What has changed recently is the concerted efforts by these platforms to improve sales and even introduce in-app purchases. Facebook has entered this world, although many brands still direct shoppers to their own website.
With over two billion users on Facebook, it is an opportunity that you cannot pass by. You can make sales and grow your brand.
Here, we are going to give you a crash course on Facebook ecommerce and what role it needs to play in your overarching ecommerce strategy.
Facebook commerce began from the ground up, with Facebook pages being created to sell and trade items. This was made official in 2016 with Facebook Marketplace. You can list sponsored ads on Facebook marketplace, but the platform is targeted at individual sellers of used goods.
Where you need to focus your efforts is on Facebook Store, which is sometimes called a Facebook Shop. Whether you are setting up a new business or you have used a list of our businesses to buy one, a Facebook store makes sense.

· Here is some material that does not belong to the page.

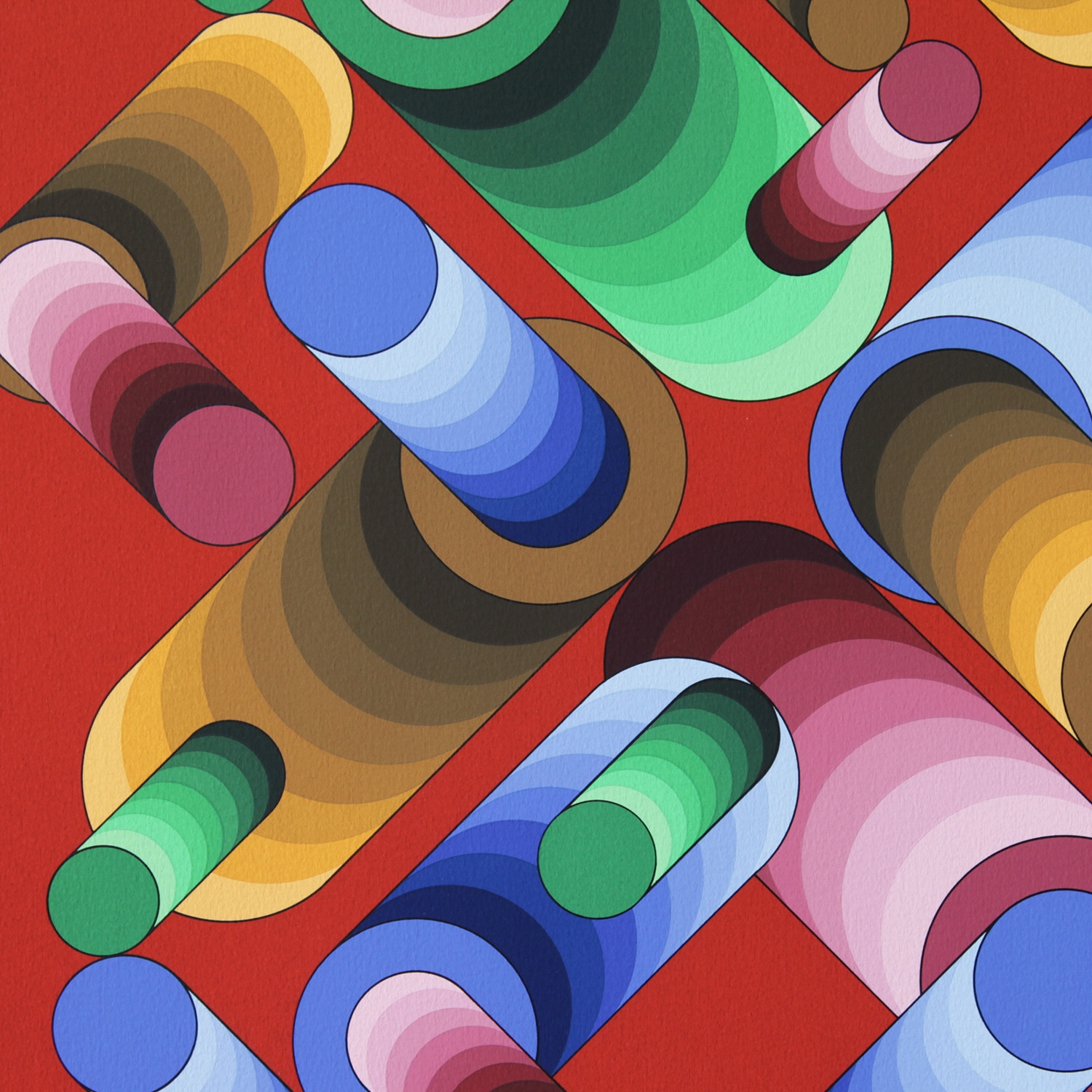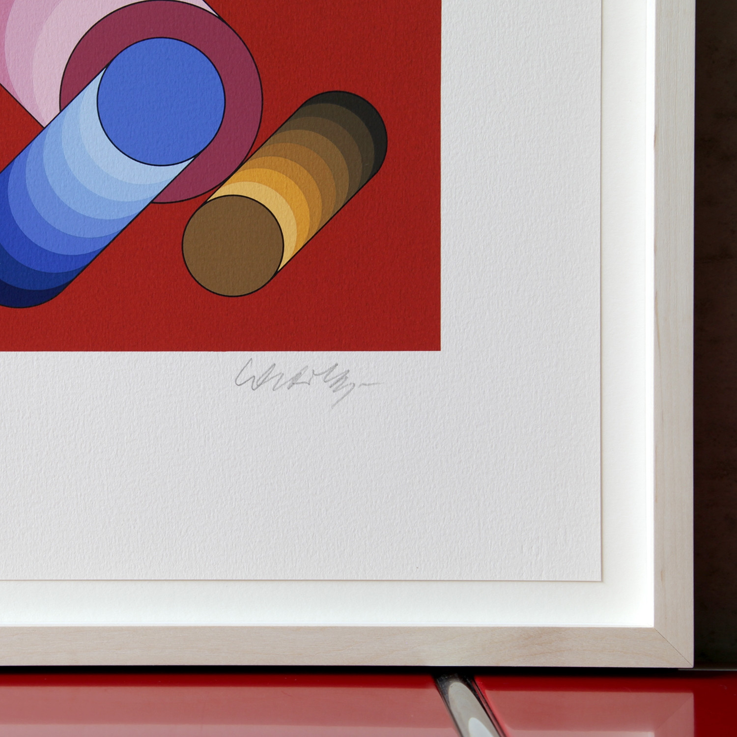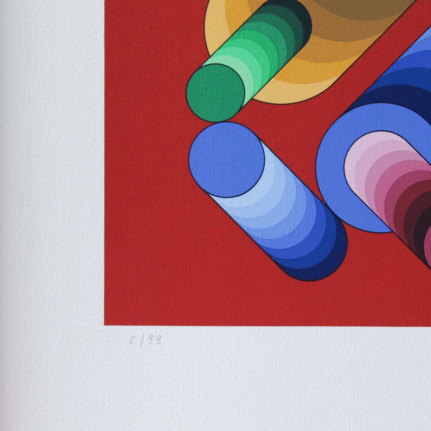 Kreis und Quadrat, viel mehr brauchte Victor Vasarely nicht, um ein beeindruckendes und variantenreiches Werk zu schaffen, mit dem ihm Mitte der 1950er Jahre in Paris der Durchbruch gelang. Seine aus geometrischen Mustern aufgebauten Strukturen traten einen weltweiten Siegeszug an ‒ nicht zuletzt, weil der Künstler es schaffte, neue Ideen von Raum, Materie und Energie zu vermitteln, indem er auf unsere Sinnesempfindungen zielte. Vasarely betrachtete Form und Farbe als Einheit, sprach von einer „unité plastique“: „In ihrer leuchtenden Einfachheit ist sie die Essenz der Dinge, aber zugleich [ist sie] auch von einer extremen Vielschichtigkeit, wie chemische Elemente“, wird der Künstler zitiert. Durch die Wiederholung einzelner Formen – wie des Kreises in „Oslop“, seiner handsignierten Farblithografie aus dem Jahr 1989 –, deren Drehung oder Spiegelung erzielte er etwas scheinbar Paradoxes: eine ruhige Gleichmäßigkeit, die zugleich eine vibrierende Bewegung in sich birgt, der wir uns nicht entziehen können, mehr noch: die uns teilhaben lässt an diesem faszinierenden Werk.

Facebook Store is a page that enables you to sell your items so that you can reach a broader consumer base. One of the great things about a Facebook Shop page is that you don’t need to have an existing online store in order to run this. You could run your entire operation through Facebook if you wish, which is a good opportunity for start-up retailers that are looking for an outlet to sell their goods.
There are a number of benefits associated with using Facebook Store, including the fact that you can get your products to appear in the Facebook Marketplace, see stats on your sales, visits, and more, communicate with your customers directly through the page, organise your products into categories and collections, and you can add an unlimited number of products.
So, let’s take a look at how you can set up your Facebook store. In order to do this, you are going to need a Facebook account and a Facebook business page. You may already have these. Apart from this, you must adhere to the following: agree with Facebook’s Merchant Terms and sell physical items. If you are based in the United States, you are also going to need to have a tax identification number and a link to a valid bank account.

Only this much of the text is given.